MATERIAL SHOWN.

· · ·

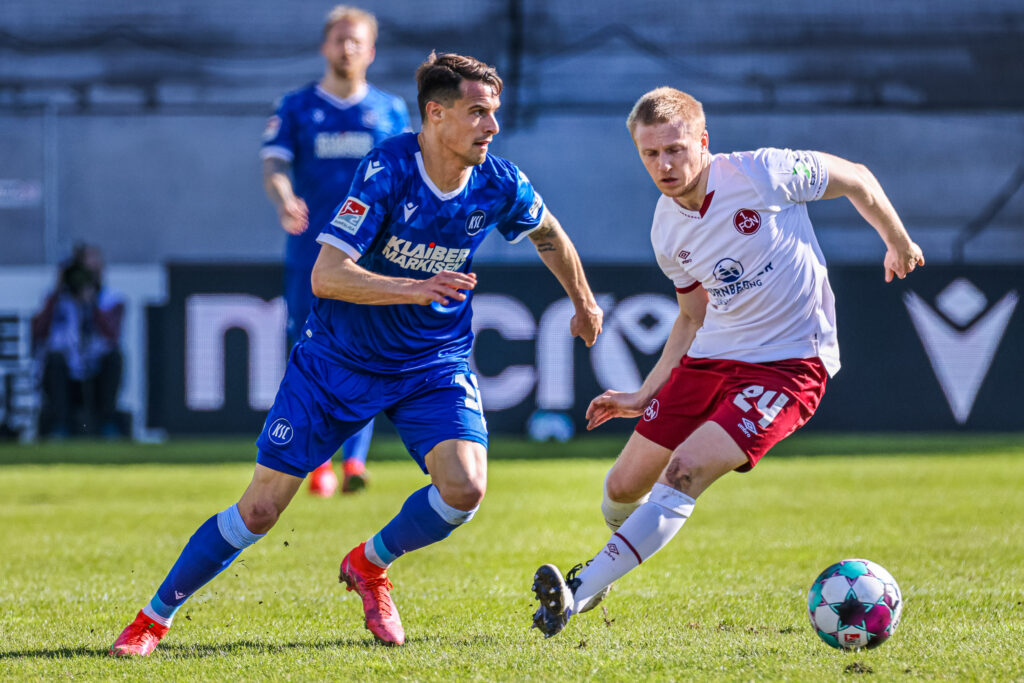 Zweikampf zwischen Philip Heise (KSC 16) und Mats Möller Dähli (Nürnberg 24) | Quelle: TMC-Fotografie.de | Tim Carmele
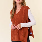 V Neck Drop Shoulder Wide Cable Sweater Vest
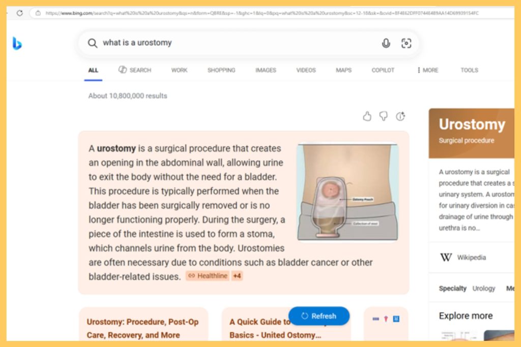 Additionally, AI is currently very US centric. For example, the four links at the bottom of the Bing example, all link to American resources, rather than UK ones. The danger here is that services and support for urostomates in the UK are different to the US, particularly when it comes to the NHS and sourcing supplies.
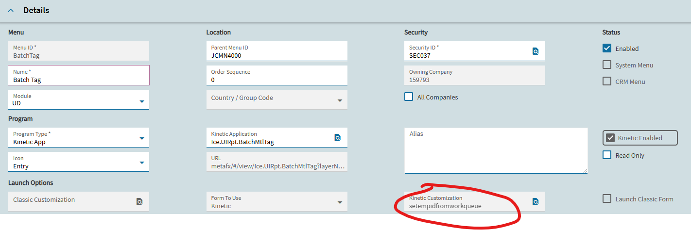 When the “View” Property is set to a “Menu ID” and the “Layer” field is set to a Kinetic Customization Layer, Kinetic will now verify if the Menu ID Exists. If the user has Menu Security access to that Menu ID, and if the Kinetic Customization Layer is deployed to that Menu ID, adding the “Layer” field in the App-Open widget is no longer needed. The layer is defined in the Menu Item record.
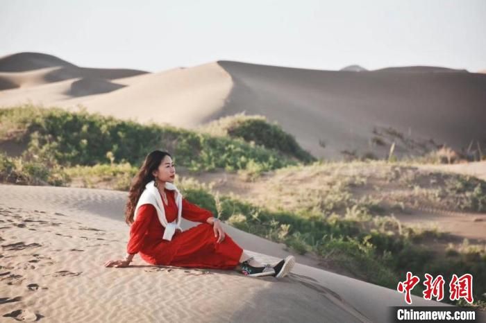 圖為瑪爾健坐在甘肅肅南縣的沙漠一隅,回憶過去,感受家鄉(xiāng)多年來的變化。(資料圖) 瑪爾健供圖
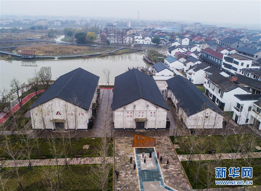 12月20日,空中俯瞰舊糧倉改建而成的鄉村文體中心(無人機拍攝)。 新華社記者 徐昱 攝
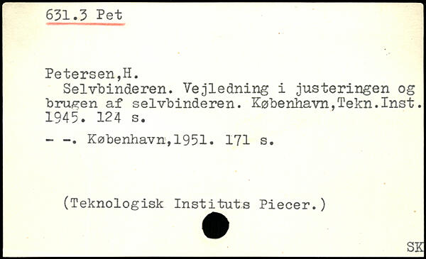 Selvbinderen. Vejledning i justeringen og brwen af selvbinderen. København,Tekn.Inst. 1945.
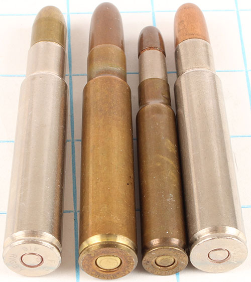 Lot of 4. 416 Rigby: (1) HS: ''RIGBY 416 NITRO K'', RN CJ FMJ. (1) HS:''F C 416 Rigby'', CJ RN FMJ. (1) HS:''''F C 416 Rigby'', FN CJ FMJ. 318 Nitro: (1) HS:''KYNOCH AXITE 318'', RN LT #2 copper capped. Grade: Excellent - Value: 20 to 40
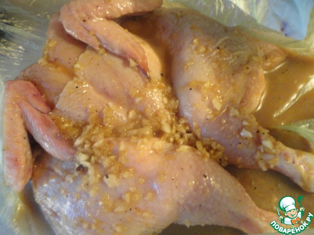 Берем целый полиэтиленовый пакет. Помещаем туда цыплёнка и заливаем маринадом.
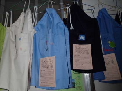 5年生 家庭科 エプロン作り その4 公開日 2020/12/16 更新日 2020/12/16 今日の出来事 2組の作品の続きです。 ポケットにいろいろな模様があり、素敵な作品になりました。 5年 授業
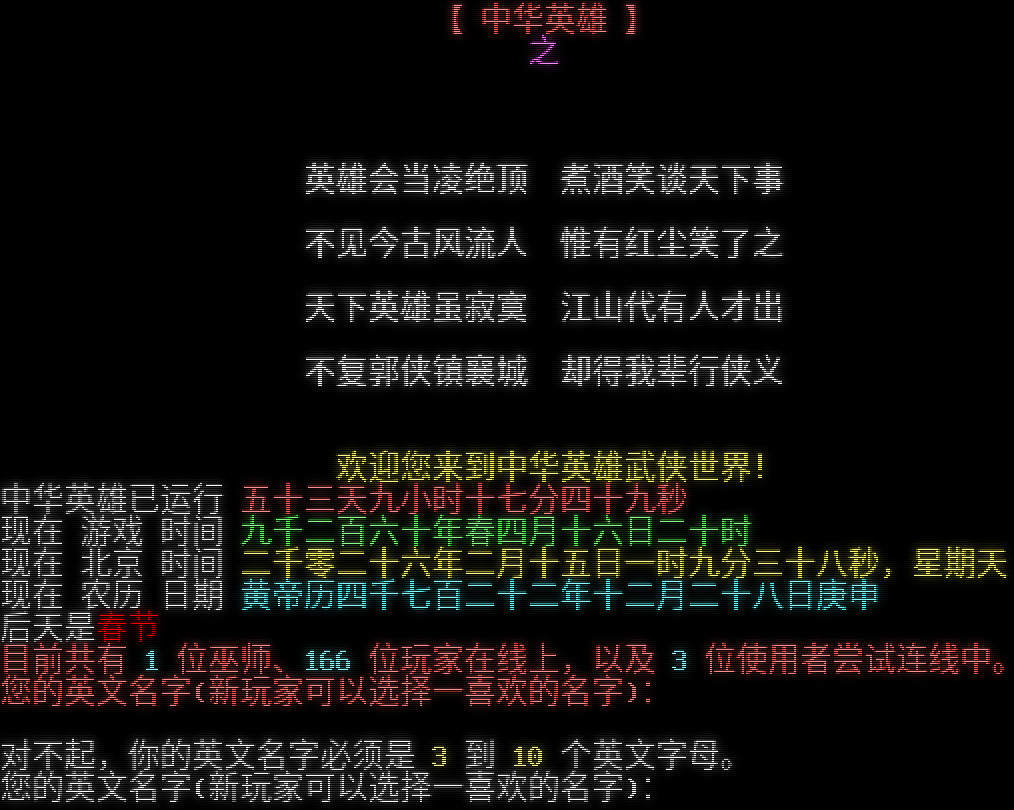 【 中华英雄 】 之 <<传奇延续>> 英雄会当凌绝顶 煮酒笑谈天下事 不见今古风流人 惟有红尘笑了之 天下英雄虽寂寞 江山代有人才出 不复郭侠镇襄城 却得我辈行侠义 欢迎您来到中华英雄武侠世界! 中华英雄已运行 五十三天九小时十七分四十九秒 现在 游戏 时间 九千二百六十年春四月十六日二十时 现在 北京 时间 二千零二十六年二月十五日一时九分三十八秒,星期天 现在 农历 日期 黄帝历四千七百二十二年十二月二十八日庚申 后天是春节 目前共有 1 位巫师、166 位玩家在线上,以及 3 位使用者尝试连线中。 您的英文名字(新玩家可以选择一喜欢的名字): 对不起,你的英文名字必须是 3 到 10 个英文字母。 您的英文名字(新玩家可以选择一喜欢的名字):

· · ·

TRY IT. Hand back the records above exactly as they are, pictures excluded.

RESULT OF THE EXERCISE.
 Zweikampf zwischen Philip Heise (KSC 16) und Mats Möller Dähli (Nürnberg 24) | Quelle: TMC-Fotografie.de | Tim Carmele
 V Neck Drop Shoulder Wide Cable Sweater Vest
 Additionally, AI is currently very US centric. For example, the four links at the bottom of the Bing example, all link to American resources, rather than UK ones. The danger here is that services and support for urostomates in the UK are different to the US, particularly when it comes to the NHS and sourcing supplies.
 When the “View” Property is set to a “Menu ID” and the “Layer” field is set to a Kinetic Customization Layer, Kinetic will now verify if the Menu ID Exists. If the user has Menu Security access to that Menu ID, and if the Kinetic Customization Layer is deployed to that Menu ID, adding the “Layer” field in the App-Open widget is no longer needed. The layer is defined in the Menu Item record.
 圖為瑪爾健坐在甘肅肅南縣的沙漠一隅,回憶過去,感受家鄉(xiāng)多年來的變化。(資料圖) 瑪爾健供圖
 12月20日,空中俯瞰舊糧倉改建而成的鄉村文體中心(無人機拍攝)。 新華社記者 徐昱 攝
 Selvbinderen. Vejledning i justeringen og brwen af selvbinderen. København,Tekn.Inst. 1945.
 Lot of 4. 416 Rigby: (1) HS: ''RIGBY 416 NITRO K'', RN CJ FMJ. (1) HS:''F C 416 Rigby'', CJ RN FMJ. (1) HS:''''F C 416 Rigby'', FN CJ FMJ. 318 Nitro: (1) HS:''KYNOCH AXITE 318'', RN LT #2 copper capped. Grade: Excellent - Value: 20 to 40
 Берем целый полиэтиленовый пакет. Помещаем туда цыплёнка и заливаем маринадом.
 5年生 家庭科 エプロン作り その4 公開日 2020/12/16 更新日 2020/12/16 今日の出来事 2組の作品の続きです。 ポケットにいろいろな模様があり、素敵な作品になりました。 5年 授業
 【 中华英雄 】 之 <<传奇延续>> 英雄会当凌绝顶 煮酒笑谈天下事 不见今古风流人 惟有红尘笑了之 天下英雄虽寂寞 江山代有人才出 不复郭侠镇襄城 却得我辈行侠义 欢迎您来到中华英雄武侠世界! 中华英雄已运行 五十三天九小时十七分四十九秒 现在 游戏 时间 九千二百六十年春四月十六日二十时 现在 北京 时间 二千零二十六年二月十五日一时九分三十八秒,星期天 现在 农历 日期 黄帝历四千七百二十二年十二月二十八日庚申 后天是春节 目前共有 1 位巫师、166 位玩家在线上,以及 3 位使用者尝试连线中。 您的英文名字(新玩家可以选择一喜欢的名字): 对不起,你的英文名字必须是 3 到 10 个英文字母。 您的英文名字(新玩家可以选择一喜欢的名字):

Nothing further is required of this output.